A diagonal matrix is a matrix where all non-diagonal elements are 0

In [24]:
D = np.identity(n) * np.random.randn(n)
D

array([[ 0.61167629,  0.        ,  0.        ],
       [ 0.        ,  1.03099952,  0.        ],
       [ 0.        ,  0.        ,  0.93128012]])

### The Transpose

The transpose of a matrix results from "flipping" the rows and columns

In [25]:
A.T

array([[ 0.49671415,  1.52302986,  1.57921282,  0.54256004,  0.24196227],
       [-0.1382643 , -0.23415337,  0.76743473, -0.46341769, -1.91328024],
       [ 0.64768854, -0.23413696, -0.46947439, -0.46572975, -1.72491783]])

A square matrix $A \in \mathbb{R}^{n x n}$ is symmetric if $A = A^T$, and anti-symmetric if $A = -A^T$

For any matrix $A \in \mathbb{R}^{n x n}$, 

$A + A^T$ is symmetric and $A - A^T$ is anti-symmetric.

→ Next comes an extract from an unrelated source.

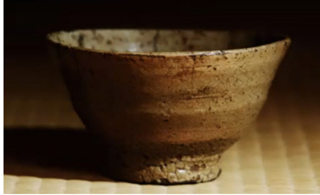
Görsel 9: 16. yüzyıla tarihlenen Buncheong stili Kore Çay Kasesi

Kraliyet mensupları, üst düzey askerler ve zengin toprak sahiplerinin bulunduğu çay seremonileri Japon kültüründe politika, ekonomi ve siyasi yönetimle ilgili her türlü konun konuşulduğu ve planlandığı önemli toplantılardır. Bu toplantılarda kullanılan çay kaselerine ilişkin Japonya'da bulunan 1530'lu yıllara ait Chakaiki olarak adlandırılan çay günlükleri sanat tarihçileri için detaylı bilgiler içeren önemli belgeler niteliğindedir. Bu günlükler, Kore çay kültürünün Japon kültürüne etkileri bağlamında önemli bir rol oynamaktadır. İlk Kore çay kasesi kelimesi 1537 yılına tarihlenen çay hazırlayan ve servis eden bir tüccarın çay günlüğünde rastlanmaktadır (Pitelka, 2022). Teknik ve estetik dönemin en ileri seviyesini ifade eden bu Kore üretimi çay kaselerinin Japon çay seremonilerinde kullanımına dair literatürde iki farklı görüş bulunmaktadır. Bunlardan ilki; Çay Kasesi Savaşları 'ndan önce 1530'lu yıllarda Japonya'nın kuzey Kyushu ve Kyoto bölgelerinde az sayıda da olsa Koreli çömlekçilerin üretim yaptığıdır (Cort, 1986, s. 331). İkinci tespit ise Japon tüccarlar, korsanlar veya çay ustaları tarafından Kore'den yasadışı yollarla kaçırılarak Japonya'ya getirildiği yönündedir.

It follows that any matrix can be represented as a sum of a symmetric and anti-symmetric matrix:

$A = \frac{1}{2}(A + A^T) + \frac{1}{2}(A - A^T)$

In [26]:
A = np.random.randn(n, n)
A

array([[-0.83921752, -0.30921238,  0.33126343],
       [ 0.97554513, -0.47917424, -0.18565898],
       [-1.10633497, -1.19620662,  0.81252582]])

In [27]:
0.5*(A + A.T) + 0.5*(A - A.T)

array([[-0.83921752, -0.30921238,  0.33126343],
       [ 0.97554513, -0.47917424, -0.18565898],
       [-1.10633497, -1.19620662,  0.81252582]])

### The Trace

The trace of a square matrix $A \in \mathbb{R}^{n x n}$, denoted as tr(A) is the sum of the diagonal elements:

In [28]:
A.trace()

-0.50586593867373053

In [29]:
tr = 0
for i in range(n):
    tr += A[i][i]
    
tr

-0.50586593867373053

### Norms

The norm of a vector $||x||$ is informally a measure of the length of the vector.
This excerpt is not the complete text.